En 1990 concurrió el empresario barilochense Huber Ritter, quien lo hizo solo, en el marco de una promesa personal, como su último intento serio en montaña antes de casarse. Ascendió hasta una altura de 7.300 metros, en donde actualmente se emplaza el campamento.
El 15 de mayo de 1995 llega a la cima el primer argentino: Tomás Heinrich, integrando una expedición internacional. Con esto, Argentina pasó a ser el 43er país en llegar hasta la cima del mundo. En mayo de 1998 Heinrich vuelve al Everest y asciende la cumbre sur y siete días más tarde el Lotse (8.516 metros), también desde el Collado Sur.
El 12 de mayo de 1999 asciende el monte Everest Guillermo “Willie” Benegas, nacido en Puerto Madryn pero quien vive en los Estados Unidos.

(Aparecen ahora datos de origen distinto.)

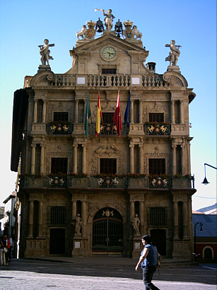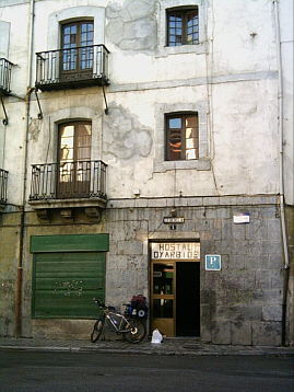 In Pamplona schob ich das Rad eine Weile. Die Altstadt fand ich recht schnell, nach lauter Hochhäusern und Industriegebiet. Da suchte ich rum nach einem Zimmer und traf eine Deutsche, auch auf der Suche nach einem Zimmer. Sie sagte, sie hat nun schon ein Zimmer reserviert für 42 Euro. Was? Oh no! Nee, echt nicht! Ich fuhr zur Touristen-Information, an der ich vorher vorbei gekommen war und fragte nach der Pilgerherberge. Es gab 2 hier und die Tussi – sie sprach Deutsch! – gab mir einen Stadtplan, wo sie einzeichnete, wo ich war und wohin ich musste. Ich fuhr da also hin und checkte mich in der Herberge ein, es war ein Kloster.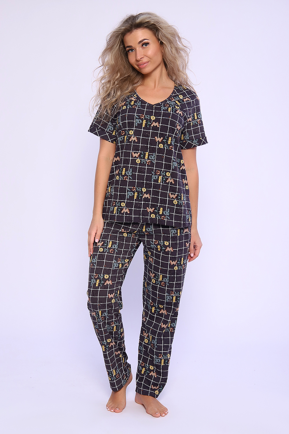 Костюм состоит из брюк и футболки. Брюки с карманами. Футболка с короткими рукавами на манжетах. Полочка с отрезными кокетками, скроенными по косой и V - образным вырезом горловины.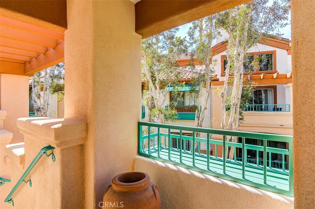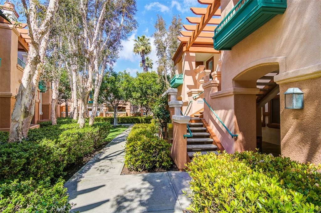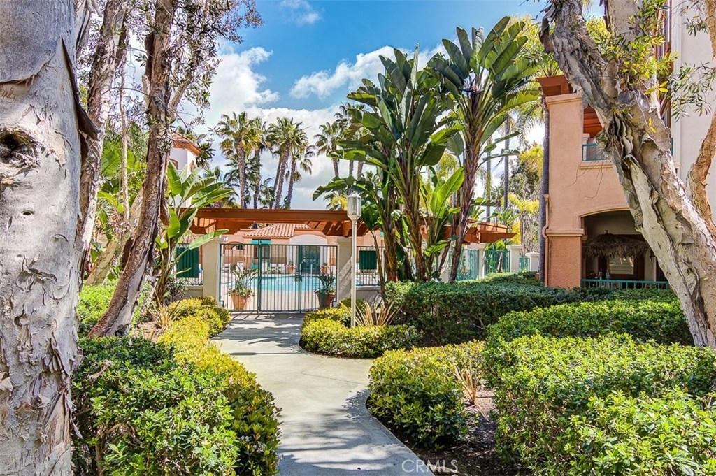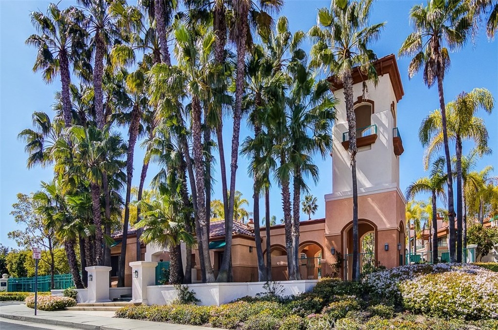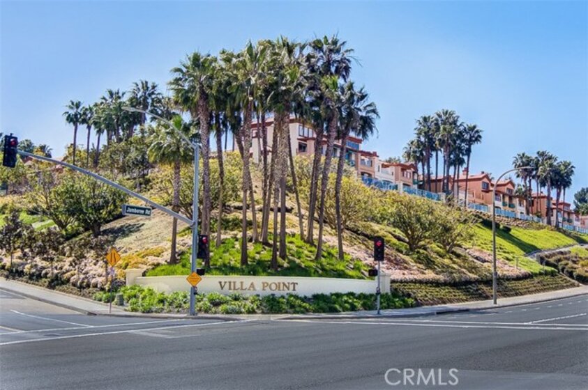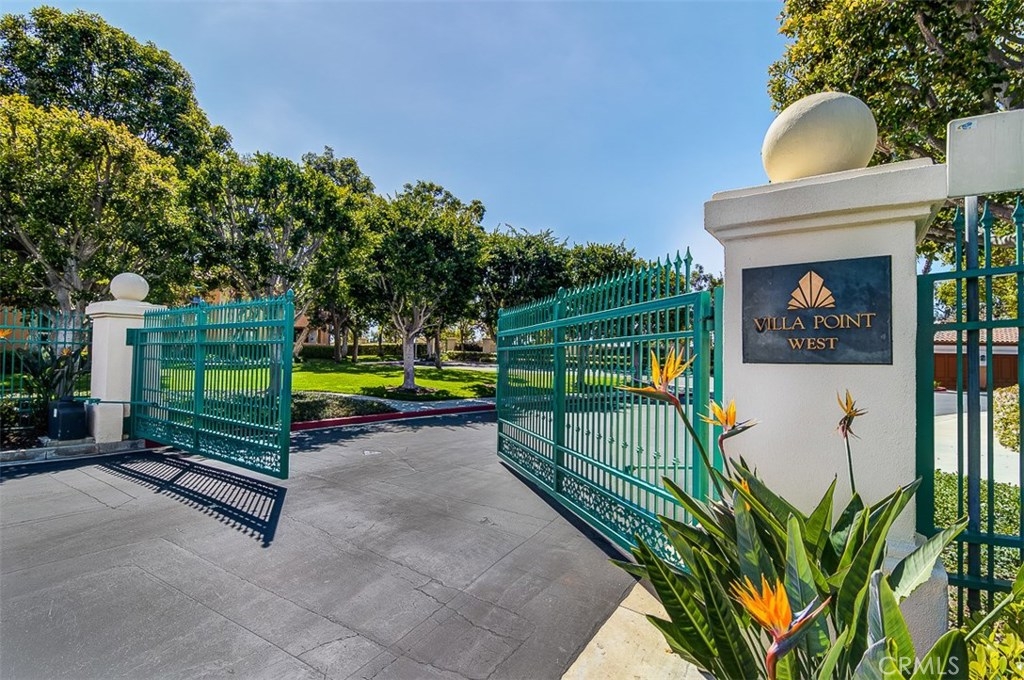 Nestled in a beautiful gated community close to Balboa Island, Fashion Island and Corona del Mar, this upstairs, corner unit welcomes you into a large living room with cozy fireplace, and a balcony looking out onto a lush canopy of greenery. The spacious kitchen has plenty of room for food prep and a counter-height breakfast bar that opens to a roomy dining space. An easily accessible, interior laundry room with stackable appliances and extra storage is just off the kitchen. The main living spaces have high ceilings and large, picture windows that allow in ample natural light. Adjacent to the living room is a sunny primary bedroom, with balcony access, that provides a private oasis at the end of the day. The primray suite has an upgraded bathroom featuring large vanity area with granite counter tops, remodeled shower and spacious walk-in closet. Neutral carpet was installed throughout the home in early 2019, and new central air will keep you cool during those warm summer months. This unit includes a 1-car, detached garage with overhead storage, plus one additional parking space for a registered vehicle. The upscale Villa Point community offers two heated swimming pools year-round and two fitness centers. There are picnic tables and gas grills available outdoors as well. With no interior steps, and a quiet location close to the pool, mailboxes and your private garage, this home is a must-see!

Pocos días más tarde, 27 de mayo, subió el mendocino Heber Orona, sin oxígeno artificial, integrando una expedición internacional. El hecho de que Benegas esté radicado en los Estados Unidos llevó a suponer durante varios años que Orona fue el segundo argentino en subir la montaña más alta del mundo.
El cuarto argentino en subir la montaña fue el salteño Gustavo Lisi, quien lo hizo en su segundo intento, el 18 de mayo del 2004. El ascenso se vio envuelto en polémica, ya que Lisi fue acusado de abandonar a su compañero en el descenso, el cual fallece.
El año pasado, Damián Benegas y Mercedes Sahores logran la cima el 19 de mayo. Ese día Willie, nuevamente como guía de montaña, alcanzó su novena cumbre en el Everest: Subió en 1999, 2001, 2002, 2004, 2005, 2007 (2 cumbres) 2008 y 2009.